Верстак у Парфёнова и обеденным столом был, и спальным ложем, и собственно верстаком, Парфёнов его убирал, холил, здесь пил чай и читал газеты. Из угла, из тёплой дрожащей темени, в которой не переставая ярился, веселил душу сверчок, Парфёнов притащил ещё одну табуретку, поставил рядом. Сел. Посмотрел куда-то в сторону, спросил:
— Шинель-то чего не снимаешь?
«Команды такой не было», хотел было сказать Каретников, но вместо этого вопросительно приподнял плечи — и так ведь понятно дяде Шуре Парфёнову, почему не снял, времени нет, уходить надо. Хлеб до матери необходимо тёплым донести.
— Снимай, снимай шинель, тут тепло, — Парфёнов вытащил из кармана кисет, сдёрнул с него ботиночный шнурок, служивший завязкой, распахнул горло: — Кури! — Добавил многозначительно: — Табак не простой, а самый лучший среди всех блокадных табаков. «Берклен» называется.

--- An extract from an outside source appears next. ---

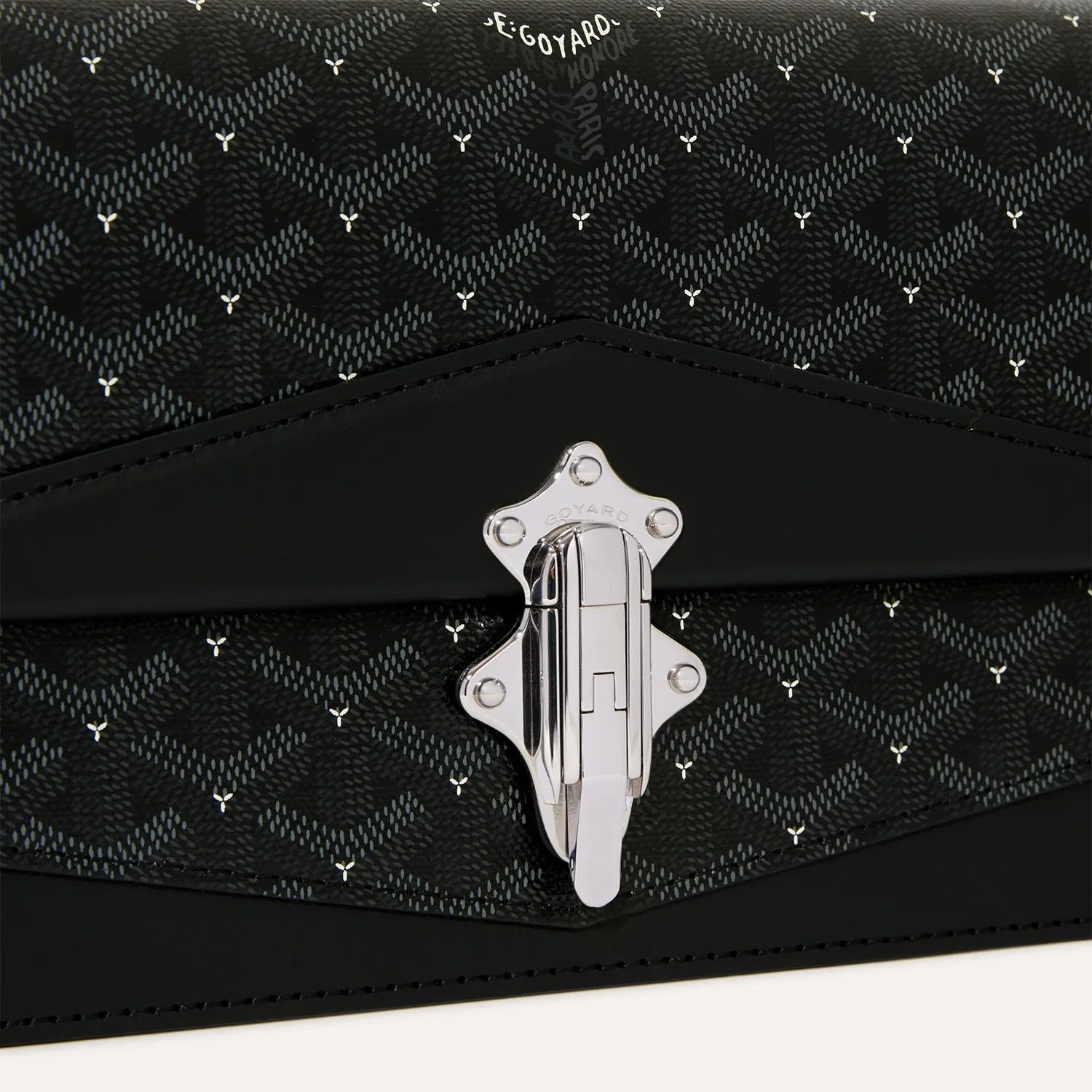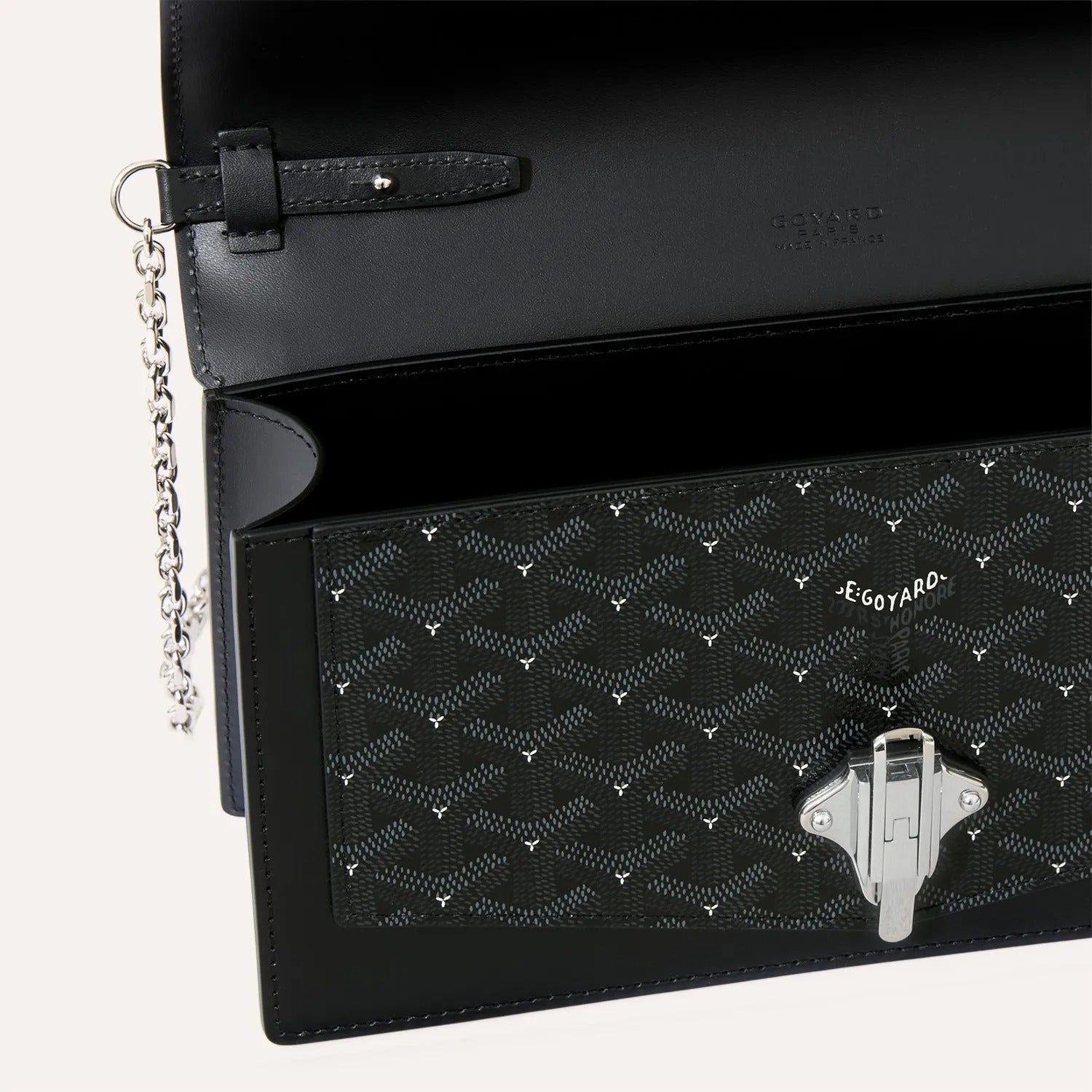 The Duchesse Marie-Caroline bag dresses up in a new exclusive deep-dark "Capitonnage" Goyardine canvas, subtly contrasted with smaller white chevrons, in a nod to the quilting of our historic trunks. At once elegant and practical, it can be worn around the shoulder, cross-body style or carried by hand as an evening clutch thanks to its removable chain strap.

Каретников уже знал, что это за табачок со звучным заморским названием «берклен». Берёзово-кленовый, вот как будет, если расшифровать, и знал, как его делают, а точнее, добывают: под деревьями разгребают снег до земли, сдирают промёрзлые листья, сушат их, пластают ножом, будто настоящий табак, смешивают и пускают в дело. Не исключением был и Парфёнов — тоже рылся под деревьями, там, где снегу поменьше, добывал листья, сушил их любовно, травки к листьям какой-нибудь пахучей добавлял — а у него, судя по характеру, травка обязательно должна быть, даже в худую пору — и получался первосортный «берклен».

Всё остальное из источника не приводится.